Tropical Storm Fiona: Will it impact my cruise from Florida to the Caribbean?

Port Canaveral cruise ships (FOX / file)

Tropical Storm Fiona is making its journey over the Atlantic and will bring impacts to the Northern Caribbean Islands on its current forecast track.

The former Tropical Depression Seven strengthened Wednesday night, becoming the sixth named storm of the season. 

Most cruise ships that leave from Florida often sail to the Caribbean, so news of Fiona may leave some cruisers worried about their upcoming vacations. 

As of Thursday afternoon, the National Hurricane Center said Fiona is located east of the Leeward Islands with maximum sustained winds of 50 mph. 

The storm is forecast to produce total rainfall accumulations of 4 to 6 inches in the Northern Leeward Islands, the British and U.S. Virgin Islands andPuerto Rico, with isolated maximum totals of 10inches across eastern Puerto Rico. Eastern Hispaniola can expect 4 to 8 inches of rainfall, with isolated maximum totals of12 inches.

Forecasters said the rains may produce flash and urban flooding, along with isolated mudslides in areas of higher terrain. 

Track the storm live in the YouTube video player below:

While booking cruises during hurricane season mean there is a chance a storm could impact it, Gene Sloan, the cruise team lead for the travel website and blog The Points Guy, told FOX Weather it's still relatively rare. 

"What they sometimes do is they'll just reroute the ship entirely," Sloan said. "You get on a ship on Saturday that's supposed to do a seven-day trip to the eastern Caribbean, but there's a big hurricane or tropical storm in that area, they can make a call that day or the day before or the day after to reroute that ship to the western Caribbean," Sloan said.

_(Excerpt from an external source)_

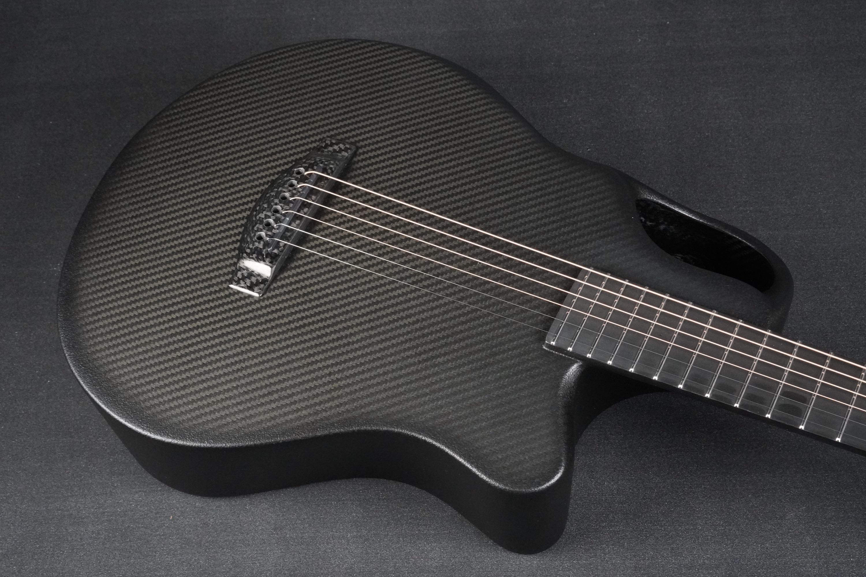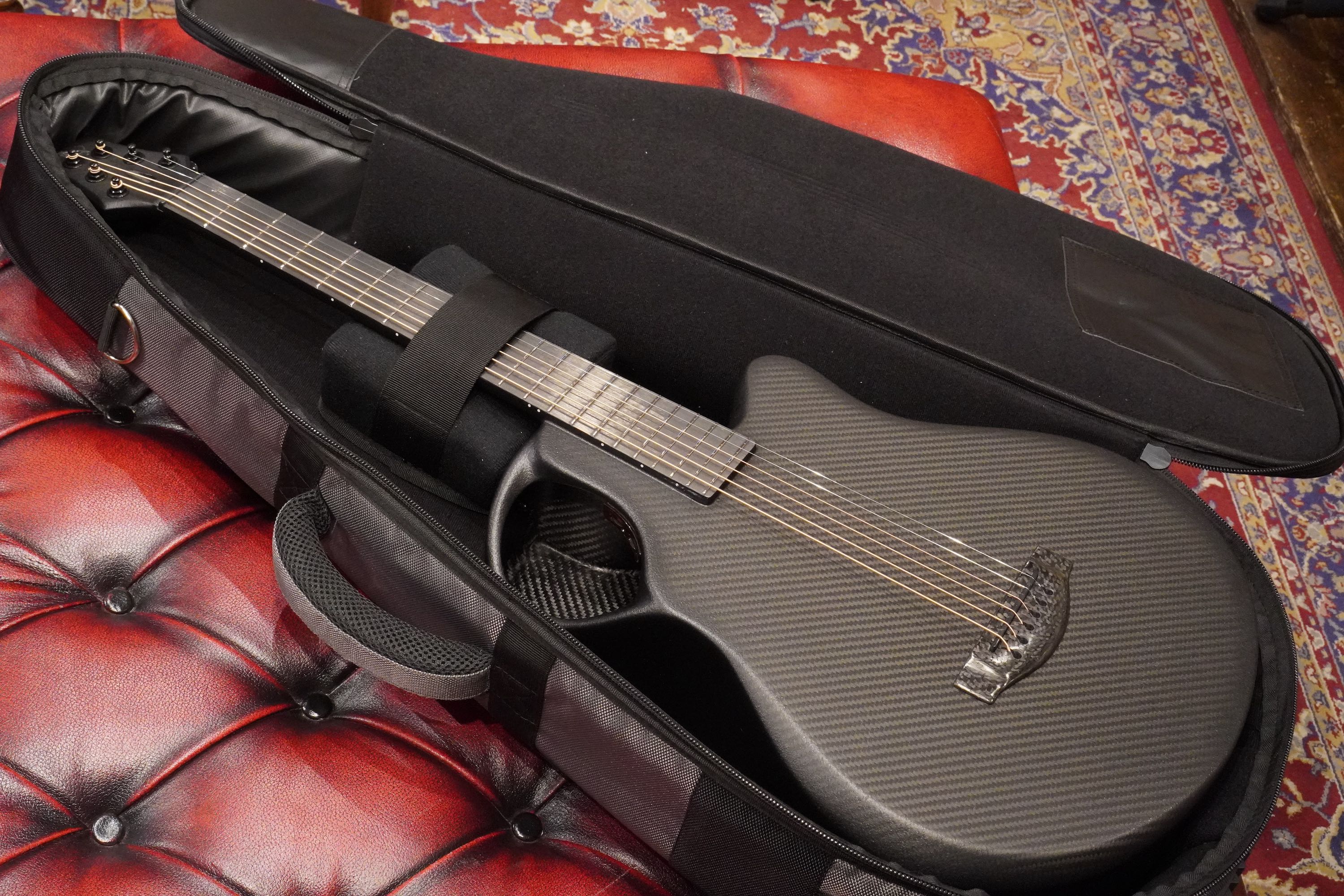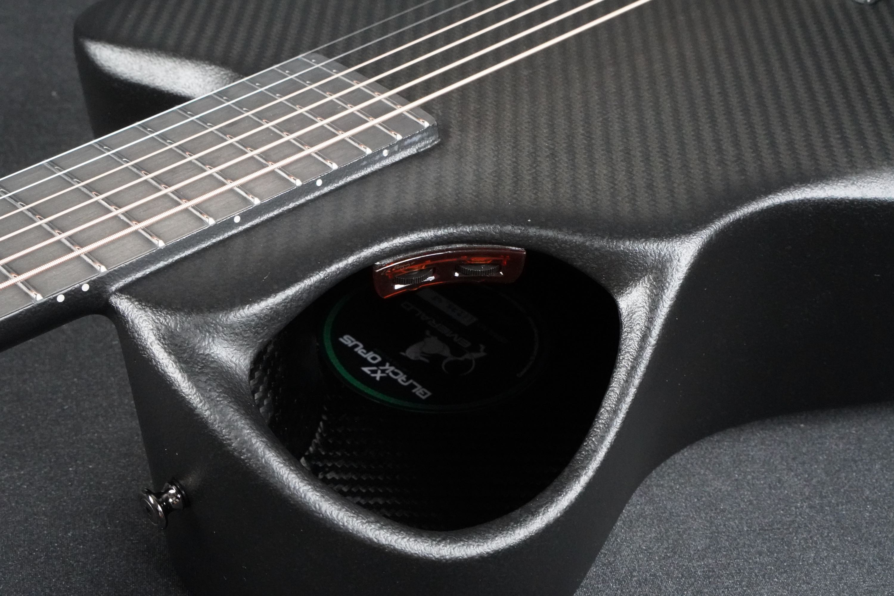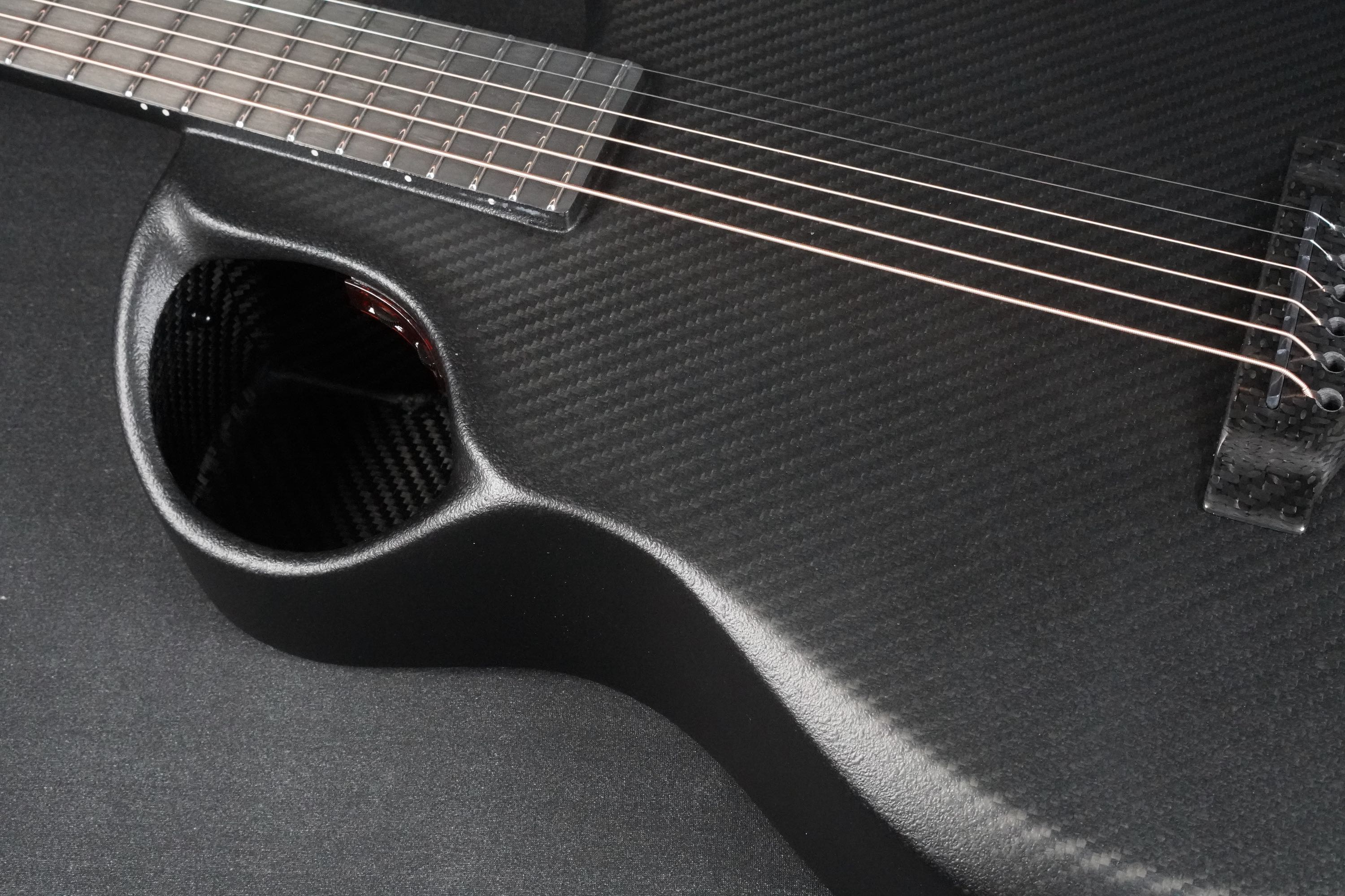 ボディトップの厚みを部分的に変えていることによって、カーボンギターとは思えないほどのアコースティックなトーンを作り出しています。

And if there’s going to be bad weather that’s going to be in the way of where the ship is supposed to go, they can move the ship, go early into a port or leave a port late. They can even flop a port.

Bottom line: You would end up with a bunch of different ports but still get a nice, sunny cruise.

"They are really looking at it 24 hours a day and making calls just like the airlines do up until hours before they are supposed to be somewhere," Sloan said.

According to Cruise Critic's website, if a ship skips a port, you're likely entitled to the destination's port fees, which is typically a minimum amount ($7 to $20).

Depending on the size of the hurricane, cruise ships can steer around the most intense part of the storm. 

According to the National Weather Service, hurricane-force winds can have about a 25-mile radius in a small hurricane, compared to about a 150-mile radius in a large hurricane.